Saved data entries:
BEGIN

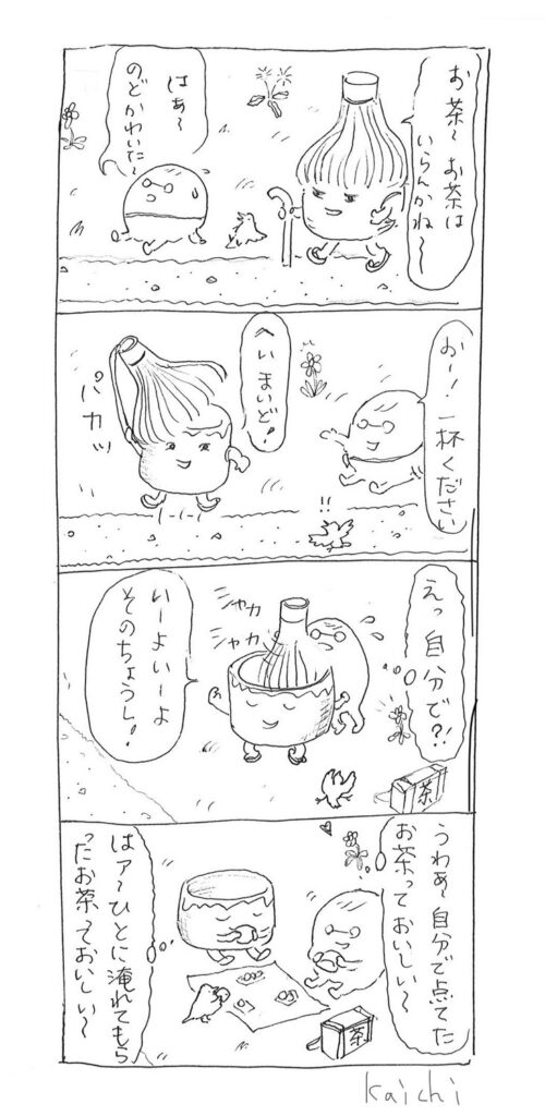 春先としては少しあたたかくなった日の午後3時。お散歩していたおやきさんは汗をかいて道端に腰を下ろしています。そこへ通りかかるのは玉ねぎのような形のお茶屋さん。小さな茶箱を背負い、手には竹製の茶杓の杖を持っています。
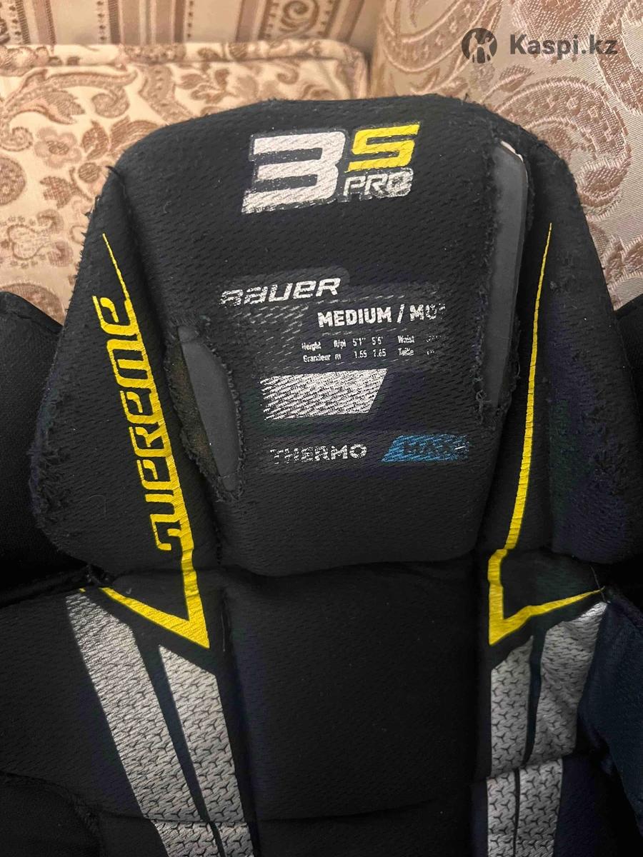 Трусы Bauer Supreme 3S Pro S21 размер М на 155-165 см профессионального уровня Покупали у хоккей плюс, носили 1 сезон Размер регулируется Высокопрочный нейлон плотностью 840 Den, из которого пошит чехол трусов, отлично противостоит износу, сохраняя при этом хорошую воздухопроницаемость. В задней части чехла используется вентилируемая сетка, которая обладает высокой прочностью и отличной эластичностью, чтобы игроки не теряли подвижность. Центральный щиток, закрывающий позвоночник, выполнен из хорошо вентилируемой пены Vent Armor Foam, которая усилена пластиковой вставкой. Дополнительную защиту позвоночника создает синтетический материал Adaptiv Skin, который устойчив к порезам и отлично амортизирует удары. Защита копчика имеет сегментированное строение и выполнена из пены двойной плотности и пластиковых вкладок. Область почек закрывают завышенные элементы, выполненные из литого пластика, который покрыт стандартной пеной. Защита почек имеет новую конструкцию с тонкой сегментацией Flex Forward Break, которая позволяет телу игрока двигаться свободно, сохраняя при этом покрытие и защиту вокруг талии. Область тазобедренных суставов защищена элементами, выполненными из литого пластика, покрытого стандартной пеной. Бедра закрываются набедренными щитками, которые выполнены из формованного пластика, облицованного плотной пеной. Набедренные щитки съемные, что позволяет отрегулировать их расположение и подобрать комфортную посадку. Внутренняя подкладка Thermo Max+ отлично справляется с излишками влаги, а также имеет бактерицидную пропитку, которая предотвращает появление бактерий, вызывающих запах. Данная модель имеет молнию под поясом, расстегнув которую можно увеличить длину трусов на один дюйм, что делает эту модель привлекательной для высоких игроков и для молодых игроков, которые еще растут. Нейлоновый пояс с прочным карабином и шнуровка позволяют надежно зафиксировать трусы на талии игрока. Молнии внизу штанин позволяют увеличить их ширину при необходимости, а также позволяют одевать трусы после того, как одеты коньки.
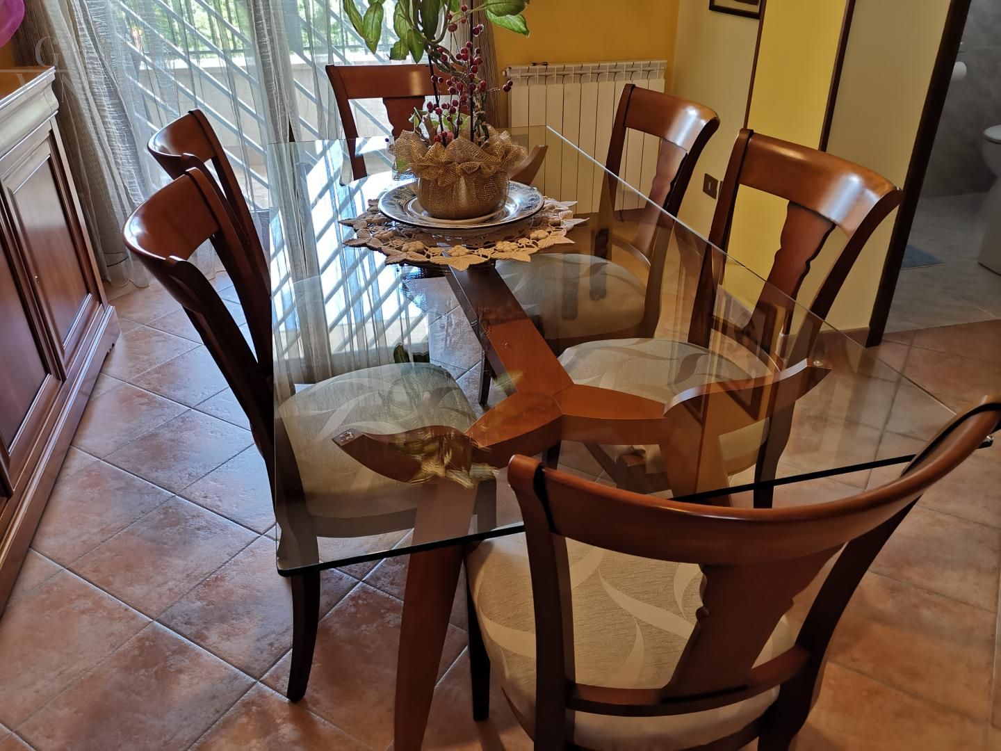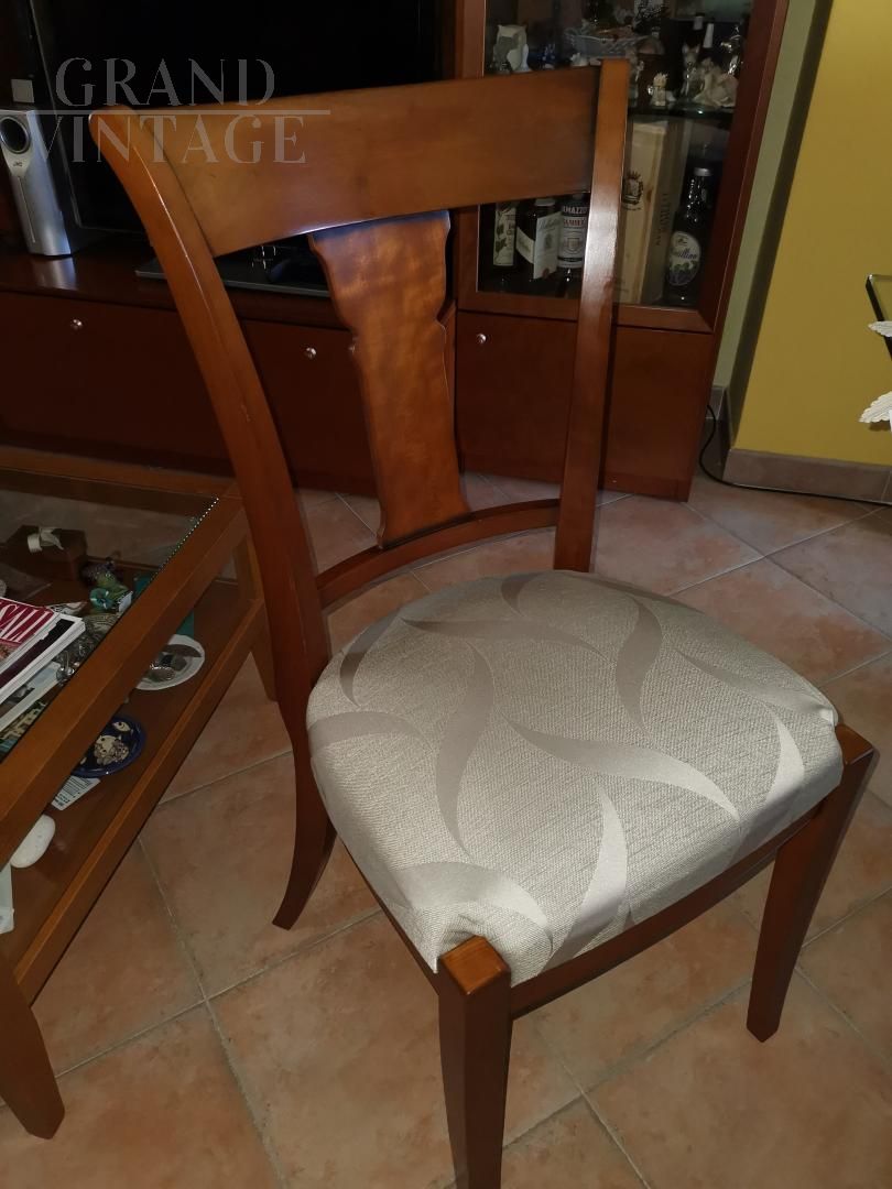 Set di 6 sedie design La Grange del '900 alle forme classiche ed eleganti, in legno ciliegio massello, con seduta imbottita.
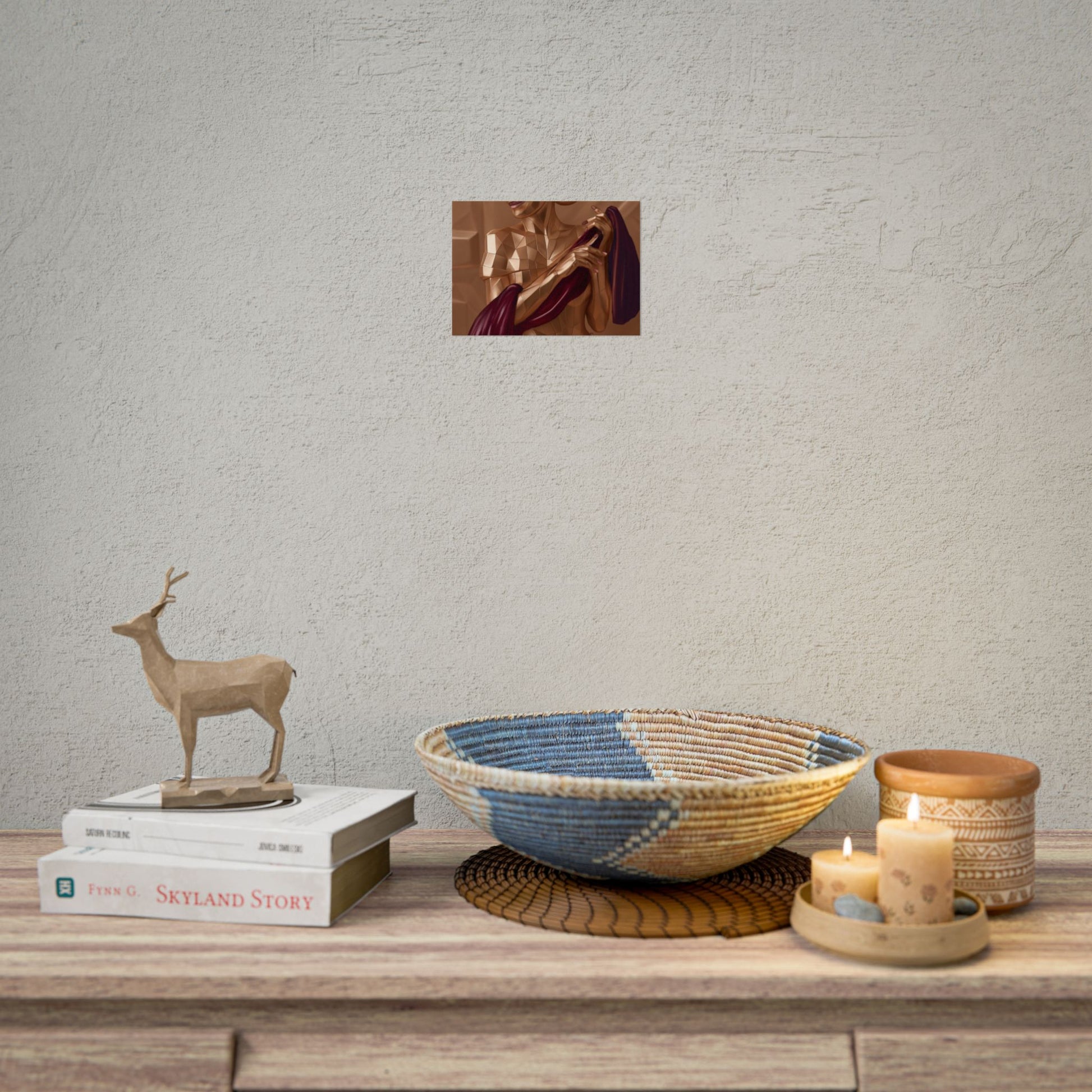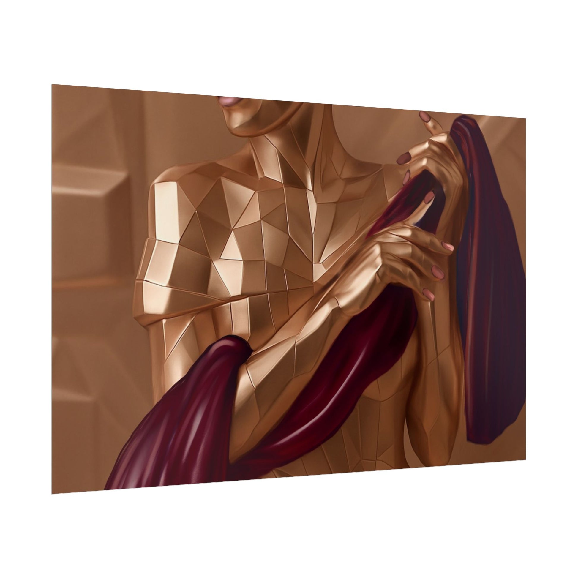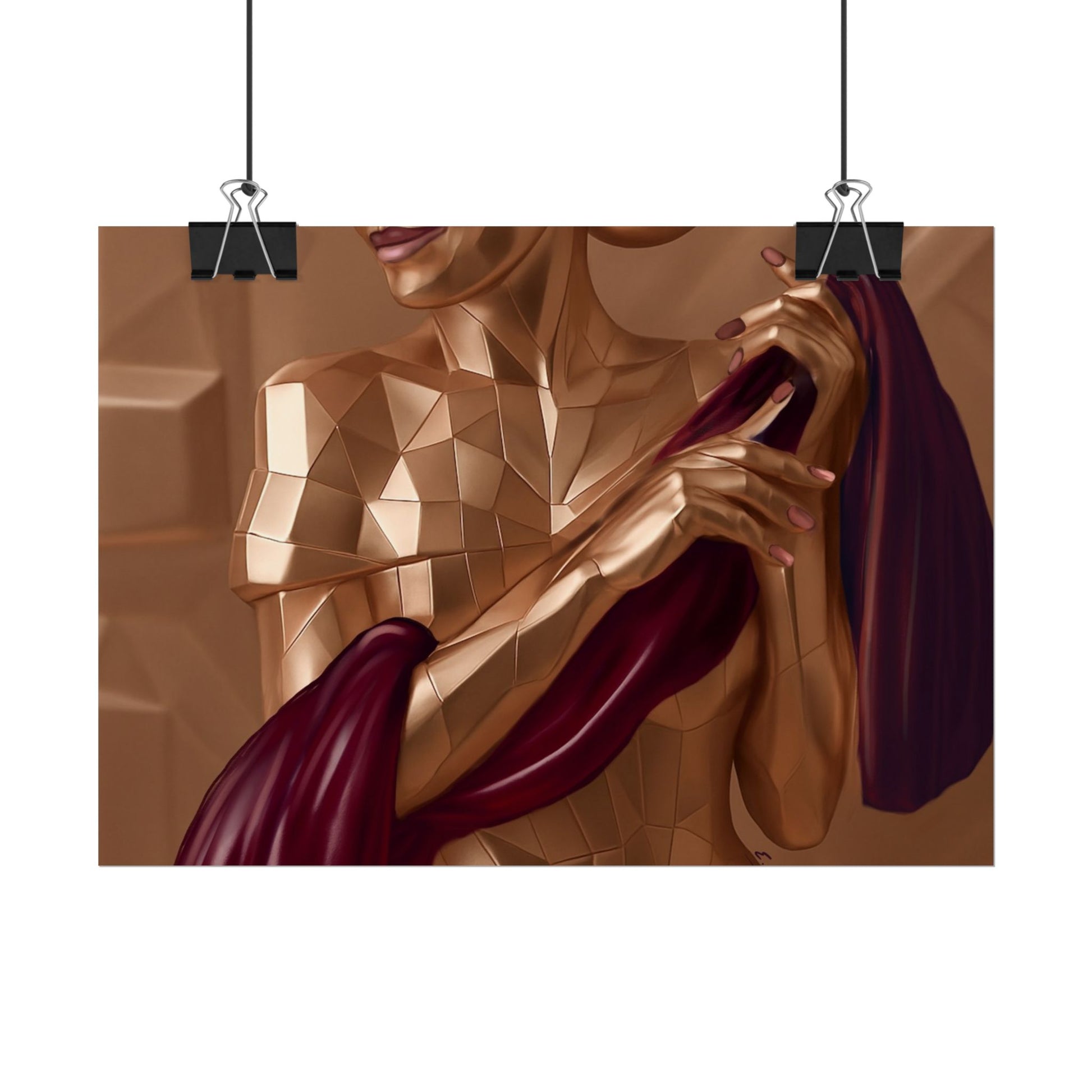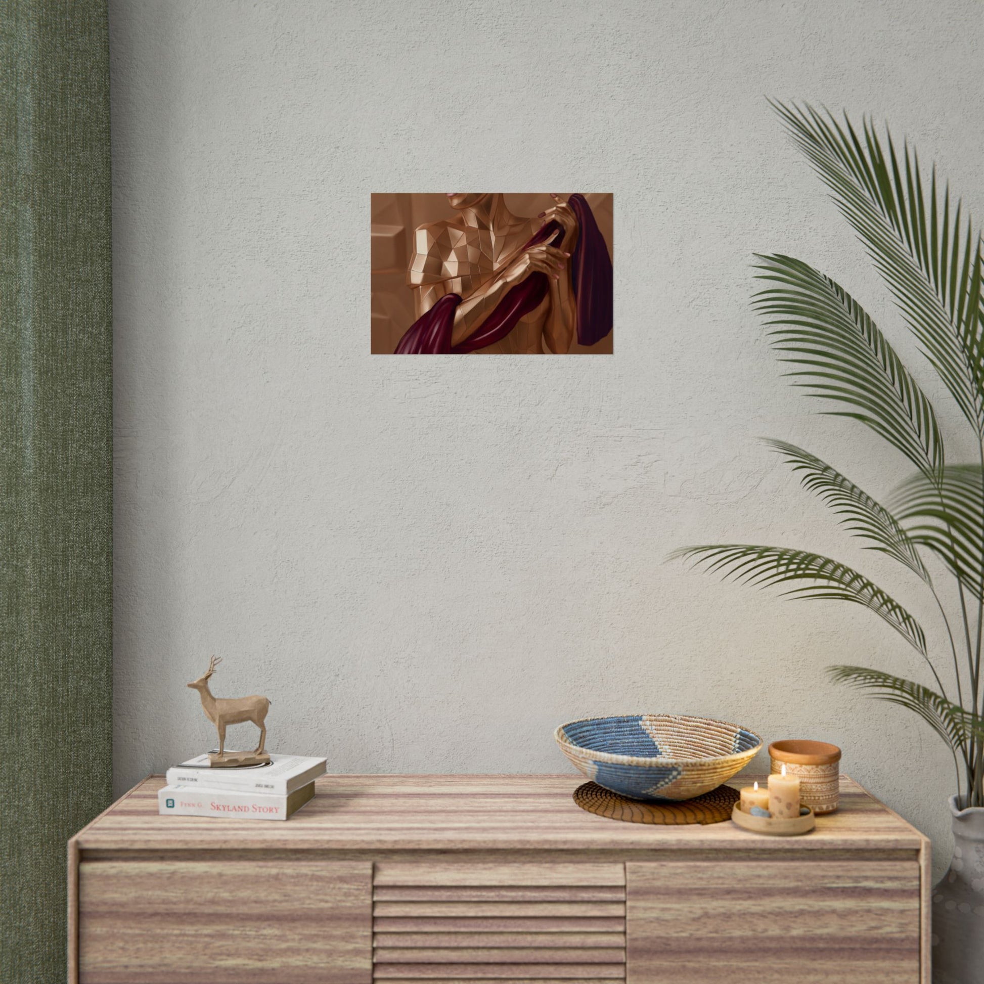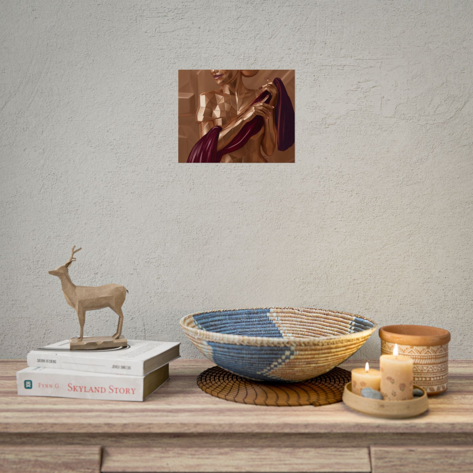 This rolled poster captures a sculptural, faceted figure rendered in warm bronze tones, draped with a deep burgundy cloth that adds softness and drama. The artwork feels both modern and classical — like a contemporary statue caught mid-motion. Printed with high-fidelity giclée inks, the piece keeps rich, luminous color and fine detail whether you choose the textured fine art paper, the satin-like semi-gloss, or the understated matte finish. Hang it in a living room, studio, or hallway to introduce a cinematic, gallery-ready mood that invites closer looks and quiet conversation.
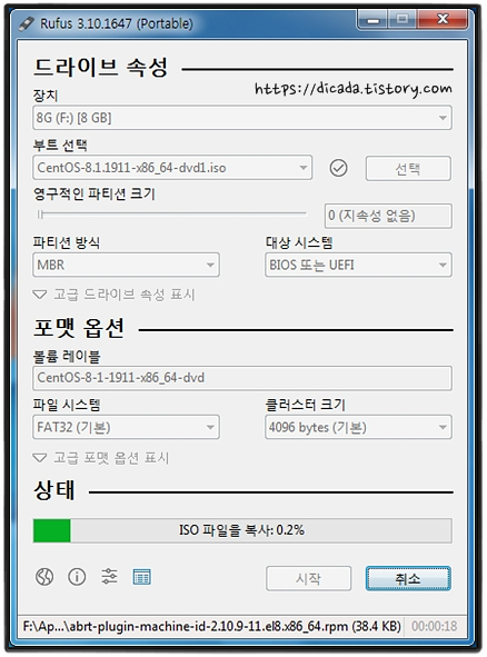 [선택]을 클릭해서 다운로드 받은 CentOS-8의 ISO 파일을 열어주면, 아래와 같이 됩니다.
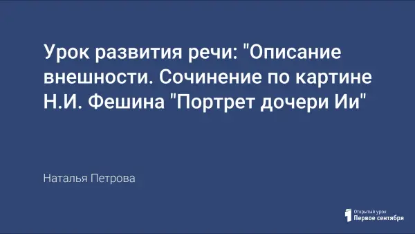 Цель урока - подготовить учащихся к написанию сочинения по картине Н.И. Фешина "Портрет дочери Ии". На уроке активизируется портретная лексика, приводятся описания внешности героев из различных произведений. Ребята выступают с индивидуальными сообщениями о художнике Н.И. Фешине, о его портретах. Учитель даёт задание описать внешность героини, используя имена прилагательные, причастия и причастные обороты. Дома учащиеся пишут сочинение.
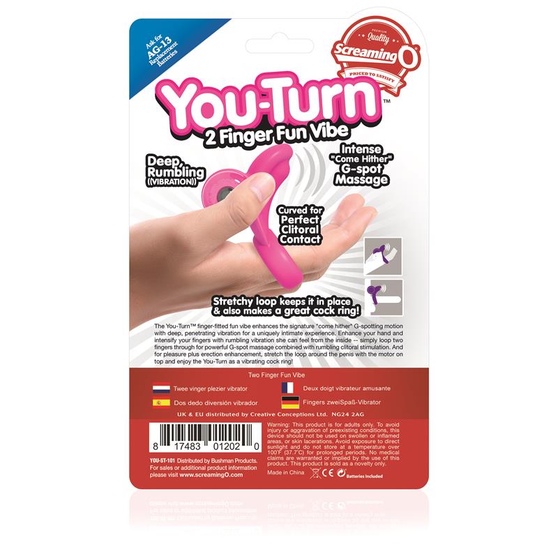 The You-Turn finger-fitted fun vibe enhances your hand and transforms your fingers with a unique design unlike anything on the market. Use the You-Turn to boost the signature ?come hither? G-spot massage motion with penetrating vibration and clitoral stimulation.
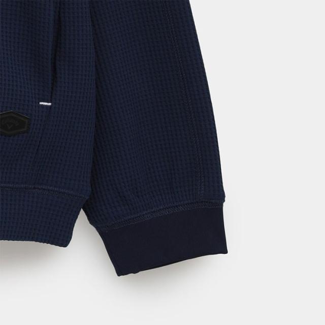 ワッフル素材のハーフジップシャツです。裾はダブル仕様になっており、カジュアルにボトムアウトで着用可能。半袖アイテムとの重ね着はもちろん、1枚でも着用できるため、1.5レイヤー的な使い方ができる汎用性の高いアイテムです。ハーフジップの開閉によって、衣服内の温度調整ができます。

END

* **Activity**:
Omitting the images, output each record precisely as written.

* **Task answer**:
 春先としては少しあたたかくなった日の午後3時。お散歩していたおやきさんは汗をかいて道端に腰を下ろしています。そこへ通りかかるのは玉ねぎのような形のお茶屋さん。小さな茶箱を背負い、手には竹製の茶杓の杖を持っています。
 Трусы Bauer Supreme 3S Pro S21 размер М на 155-165 см профессионального уровня Покупали у хоккей плюс, носили 1 сезон Размер регулируется Высокопрочный нейлон плотностью 840 Den, из которого пошит чехол трусов, отлично противостоит износу, сохраняя при этом хорошую воздухопроницаемость. В задней части чехла используется вентилируемая сетка, которая обладает высокой прочностью и отличной эластичностью, чтобы игроки не теряли подвижность. Центральный щиток, закрывающий позвоночник, выполнен из хорошо вентилируемой пены Vent Armor Foam, которая усилена пластиковой вставкой. Дополнительную защиту позвоночника создает синтетический материал Adaptiv Skin, который устойчив к порезам и отлично амортизирует удары. Защита копчика имеет сегментированное строение и выполнена из пены двойной плотности и пластиковых вкладок. Область почек закрывают завышенные элементы, выполненные из литого пластика, который покрыт стандартной пеной. Защита почек имеет новую конструкцию с тонкой сегментацией Flex Forward Break, которая позволяет телу игрока двигаться свободно, сохраняя при этом покрытие и защиту вокруг талии. Область тазобедренных суставов защищена элементами, выполненными из литого пластика, покрытого стандартной пеной. Бедра закрываются набедренными щитками, которые выполнены из формованного пластика, облицованного плотной пеной. Набедренные щитки съемные, что позволяет отрегулировать их расположение и подобрать комфортную посадку. Внутренняя подкладка Thermo Max+ отлично справляется с излишками влаги, а также имеет бактерицидную пропитку, которая предотвращает появление бактерий, вызывающих запах. Данная модель имеет молнию под поясом, расстегнув которую можно увеличить длину трусов на один дюйм, что делает эту модель привлекательной для высоких игроков и для молодых игроков, которые еще растут. Нейлоновый пояс с прочным карабином и шнуровка позволяют надежно зафиксировать трусы на талии игрока. Молнии внизу штанин позволяют увеличить их ширину при необходимости, а также позволяют одевать трусы после того, как одеты коньки.
 Set di 6 sedie design La Grange del '900 alle forme classiche ed eleganti, in legno ciliegio massello, con seduta imbottita.
 This rolled poster captures a sculptural, faceted figure rendered in warm bronze tones, draped with a deep burgundy cloth that adds softness and drama. The artwork feels both modern and classical — like a contemporary statue caught mid-motion. Printed with high-fidelity giclée inks, the piece keeps rich, luminous color and fine detail whether you choose the textured fine art paper, the satin-like semi-gloss, or the understated matte finish. Hang it in a living room, studio, or hallway to introduce a cinematic, gallery-ready mood that invites closer looks and quiet conversation.
 [선택]을 클릭해서 다운로드 받은 CentOS-8의 ISO 파일을 열어주면, 아래와 같이 됩니다.
 Цель урока - подготовить учащихся к написанию сочинения по картине Н.И. Фешина "Портрет дочери Ии". На уроке активизируется портретная лексика, приводятся описания внешности героев из различных произведений. Ребята выступают с индивидуальными сообщениями о художнике Н.И. Фешине, о его портретах. Учитель даёт задание описать внешность героини, используя имена прилагательные, причастия и причастные обороты. Дома учащиеся пишут сочинение.
 The You-Turn finger-fitted fun vibe enhances your hand and transforms your fingers with a unique design unlike anything on the market. Use the You-Turn to boost the signature ?come hither? G-spot massage motion with penetrating vibration and clitoral stimulation.
 ワッフル素材のハーフジップシャツです。裾はダブル仕様になっており、カジュアルにボトムアウトで着用可能。半袖アイテムとの重ね着はもちろん、1枚でも着用できるため、1.5レイヤー的な使い方ができる汎用性の高いアイテムです。ハーフジップの開閉によって、衣服内の温度調整ができます。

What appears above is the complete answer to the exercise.